THE RISE OF HISTORICAL CRITICISM
4. CHAPTER IV
(continued)
These considerations, then, will enable us to understand first how
it was that, radical and unscrupulous reformers as the Greek
political theorists were, yet, their end once attained, no modern
conservatives raised such outcry against the slightest innovation.
Even acknowledged improvements in such things as the games of
children or the modes of music were regarded by them with feelings
of extreme apprehension as the herald of the drapeau rouge of
reform. And secondly, it will show us how it was that Polybius
found his ideal in the commonwealth of Rome, and Aristotle, like
Mr. Bright, in the middle classes. Polybius, however, is not
content merely with pointing out his ideal state, but enters at
considerable length into the question of those general laws whose
consideration forms the chief essential of the philosophy of
history.
He starts by accepting the general principle that all things are
fated to decay (which I noticed in the case of Plato), and that 'as
iron produces rust and as wood breeds the animals that destroy it,
so every state has in it the seeds of its own corruption.' He is
not, however, content to rest there, but proceeds to deal with the
more immediate causes of revolutions, which he says are twofold in
nature, either external or internal. Now, the former, depending as
they do on the synchronous conjunction of other events outside the
sphere of scientific estimation, are from their very character
incalculable; but the latter, though assuming many forms, always
result from the over-great preponderance of any single element to
the detriment of the others, the rational law lying at the base of
all varieties of political changes being that stability can result
only from the statical equilibrium produced by the counteraction of
opposing parts, since the more simple a constitution is the more it
is insecure. Plato had pointed out before how the extreme liberty
of a democracy always resulted in despotism, but Polybius analyses
the law and shows the scientific principles on which it rests.

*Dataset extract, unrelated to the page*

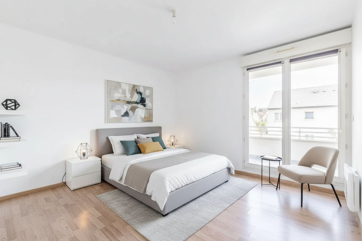 Dès l'entrée, vous serez séduits par un séjour particulièrement lumineux donnant sur un balcon et offrant une belle qualité de lumière tout au long de la journée. La cuisine profite de cette luminosité naturelle et complète harmonieusement l'espace de vie.

The doctrine of the instability of pure constitutions forms an
important era in the philosophy of history. Its special
applicability to the politics of our own day has been illustrated
in the rise of the great Napoleon, when the French state had lost
those divisions of caste and prejudice, of landed aristocracy and
moneyed interest, institutions in which the vulgar see only
barriers to Liberty but which are indeed the only possible defences
against the coming of that periodic Sirius of politics, the [Greek
text which cannot be reproduced].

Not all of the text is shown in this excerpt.